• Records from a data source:
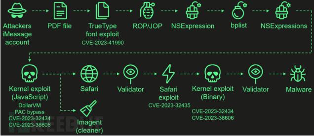 三角测量操作Operation Triangulation 是杂程一个针对 Apple iPhone 设备的间谍软件活动,同时利用了四个零日漏洞。这些漏洞链接在一起,形成零点击攻击,允许攻击者提升权限并执行远程代码执行。
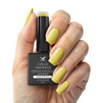 Amarelo dália vibrante com fundo quente e acabamento cremoso. Esmalte em gel de alta performance, livre de HEMA, TPO e TMTPA, com aplicação autonivelante, cobertura uniforme e longa duração.
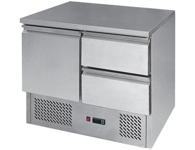 Gastronomiczny stół chłodniczy ESL z szafką i blokiem 2 szuflad wykonany ze stali nierdzewnej. Urządzenie posiada agregat chłodniczy umieszczony na spodzie. Doskonale nadaje się do różnego rodzaju punktów gastronomicznych tj. restauracje, pizzerie, bary, fast-food’y, puby itp.
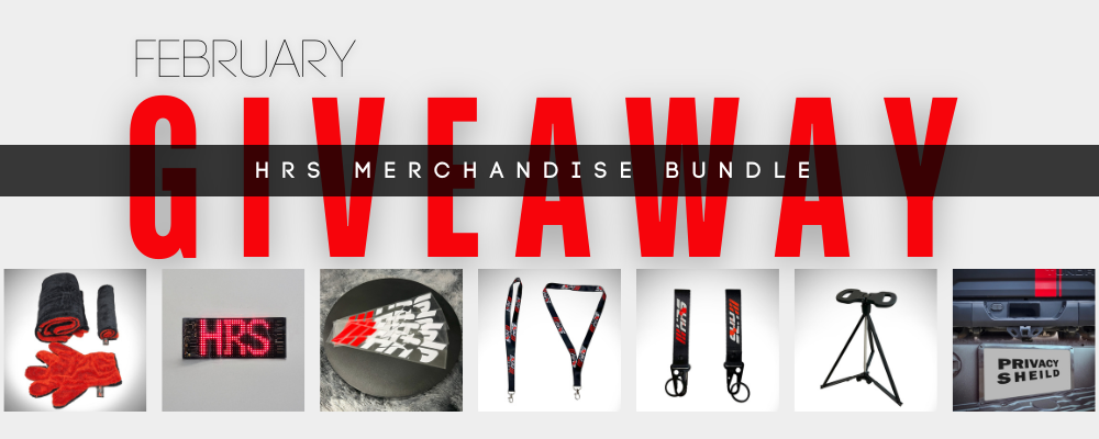This month, we’re giving away an HRS Merchandise Bundle loaded with: Microfiber Towels, an LED Panel, a Privacy Sheild license plate cover, Lanyards, Stickers, and a Keychains!
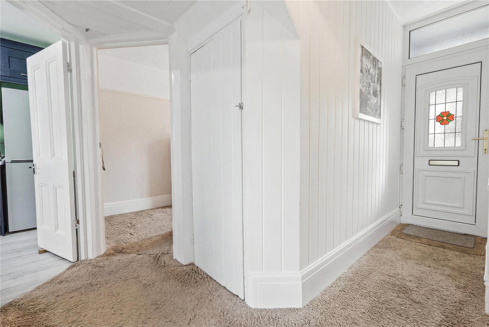 Coved cornicing with textured ceiling. Single banked radiator. Wood panelling to walls and feature brick wall adjacent. Two overhead storage cupboards. Understairs storage cupboard housing fuse board with trip switch. Four panelled doors leading to rooms:

• The problem: Do not include pictures. Copy only the lines running from the line with "Amarelo dália vibrante" through the last line of the records, exactly as they appear.

• Expected answer:
 Amarelo dália vibrante com fundo quente e acabamento cremoso. Esmalte em gel de alta performance, livre de HEMA, TPO e TMTPA, com aplicação autonivelante, cobertura uniforme e longa duração.
 Gastronomiczny stół chłodniczy ESL z szafką i blokiem 2 szuflad wykonany ze stali nierdzewnej. Urządzenie posiada agregat chłodniczy umieszczony na spodzie. Doskonale nadaje się do różnego rodzaju punktów gastronomicznych tj. restauracje, pizzerie, bary, fast-food’y, puby itp.
This month, we’re giving away an HRS Merchandise Bundle loaded with: Microfiber Towels, an LED Panel, a Privacy Sheild license plate cover, Lanyards, Stickers, and a Keychains!
 Coved cornicing with textured ceiling. Single banked radiator. Wood panelling to walls and feature brick wall adjacent. Two overhead storage cupboards. Understairs storage cupboard housing fuse board with trip switch. Four panelled doors leading to rooms:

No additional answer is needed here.